5
$\begingroup$

Hastie \& Tibshirani's original approach to fitting generalized additive models was the backfitting algorithm. For a model of the form $$ y = \alpha + \displaystyle\sum_k f_k(x_k) + \epsilon $$

  1. Initilize the $\alpha$ and $f_k$ at reasonable values
  2. Loop through terms, subtracting off the current estimate of all others, in order to fit a bivariate model with a scatterplot smoother, like a local polynomial. For the $m$th iteration: $$ y - \alpha^m - \displaystyle\sum_{-k} f^m_{-k}(x_{-k}) \equiv y_k^m = f_k(x_k) + \epsilon $$
  3. Do this until convergence.

This approach seems to have been superseded in most of applied statistics by penalized splines, of the sort implemented in mgcv in R, but is still used in nonparametric econometrics.

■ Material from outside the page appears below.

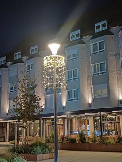 Nachdem die Bauarbeiten in der Bürgermeister-Wohlfarth-Straße weitgehend abgeschlossen sind, erstrahlt das Zentrum dieses Jahr wieder im vollen Glanz. 56 Sterne schmücken die Straßenlaternen – 21 davon brandneu mit grüner Tinselgirlande und warmweißem LED-Licht. Hinzu kommen 17 runde Laternenumhüllung mit Sternen, die die „Neue Mitte“ (zwischen Marktstraße und Gartenstraße) schmücken. Auch die Bäume auf dem Kreisverkehr Süd (Römerallee/Blumenallee) werden mit Lichterketten ausgestattet und am Infopavillon 955 wünscht ein großer Schriftzug „Frohe Weihnachten“.
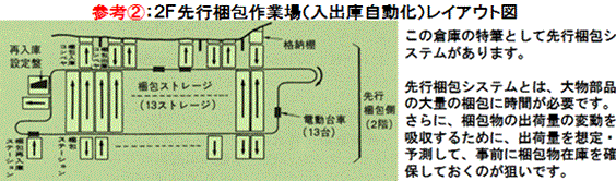 参考②は、パネル部品自動倉庫の荷捌き作業場の上階(2F)に位置した先行梱包(入出庫自動化)作業場のレイアウトです。

My question: how general is the backfitting algorithm? Are there restrictions on what smoothers one can use for the $f_k$? For example, if a random forest were used (shown recently to be consistent and asymptotically normal) in an additive model with high-dimensional additive terms, should one expect to consistently estimate the terms of the model? Why or why not?

And even if such a model were consistent, what could be said about efficiency?

$\endgroup$

0